Riccardo Guidetti da 27 anni si occupa di orientamento e formazione di studenti universitari nei Collegi di merito di Camplus - Fondazione Ceur, dopo aver conseguito una laurea in filosofia e avere insegnato per alcuni anni nelle scuole superiori.

Il libro contiene una mappa e una bussola per aiutare gli studenti che hanno finito la scuola a trovare la loro strada.
Una mappa con una visione sintetica del contesto attuale, dell'esperienza della famiglia e degli studenti e del tesoro da trovare dopo il diploma in questo momento storico di crisi e profondi cambiamenti. Una bussola per scoprire 'cosa' e 'chi' può orientare uno studente a fare una scelta giusta dopo il diploma che valorizzi la sua storia, il suo potenziale e le sue aspettative per il futuro.
E nell'ultima parte una serie di esercizi che aiutano lo studente a tracciare la sua strada dopo il diploma a partire dalla mappa e dalla bussola.
'Scegliere il giusto percorso, affinare sempre di più le proprie competenze, le cosiddette skill, conoscere se stessi, i greci facevano riferimento al daimon, e avere chiari i propri bisogni sono forse gli ingredienti migliori per arrivare preparati alla sfide che attende i futuri lavoratori e lavoratrici. Mi si potrebbe obiettare che messo su carta assume un tono quasi semplicistico rispetto all’attitudine nel metterlo in pratica - scrive nella prefazione il giornalista Rai Piero Marrazzo -. Esistono però dei “territori” di compensazione, dei cuscinetti basati sull’esperienza maturata sul campo, sul sostegno familiare, sugli strumenti messi a disposizione dal sistema formativo. Tutto sta a conoscerli e a saperli sfruttare al meglio. E pochi, meglio di Riccardo Guidetti, autore di questo volume, possono segnalarli con tanta precisione.
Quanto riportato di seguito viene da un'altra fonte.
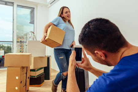 Guy picture his girlfriend while holding cardboard box in their new flat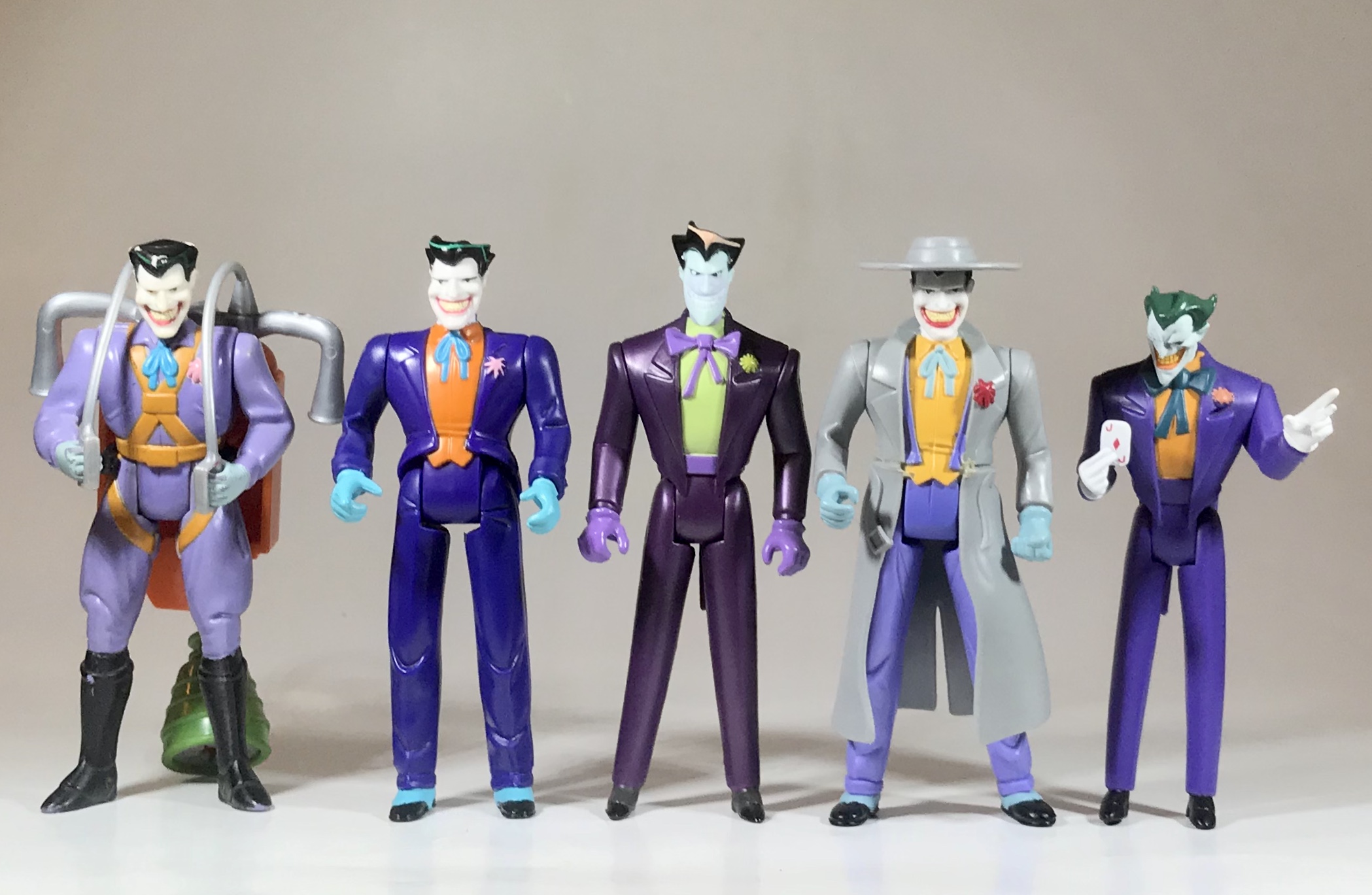 And here he is with another wide array of Jokers– Jetpack Joker (Mask of the Phantasm), Joker from the 1997 Rogues Gallery box set, Machine Gun Joker, and a BTAS style Joker from Mattel’s Justice League Unlimited line:

Lo dico per esperienza diretta e per una conoscenza ormai ultra ventennale'.
“Libertà e ricerca della felicità, hanno molto a che fare con il contenuto di questo libro… Conosco Riccardo Guidetti da molti anni, e per molti anni ho lavorato con lui. Tra le cose che ci hanno unito professionalmente e personalmente sicuramente ce ne sono due che hanno molto a che fare con questo libro: l’interesse applicativo nei confronti dell’empowerment della persona e quello all’educazione dei giovani, in particolare applicata al potenziamento della loro capacità di individuare una strada feconda entro cui immettersi nelle varie fasi della loro vita.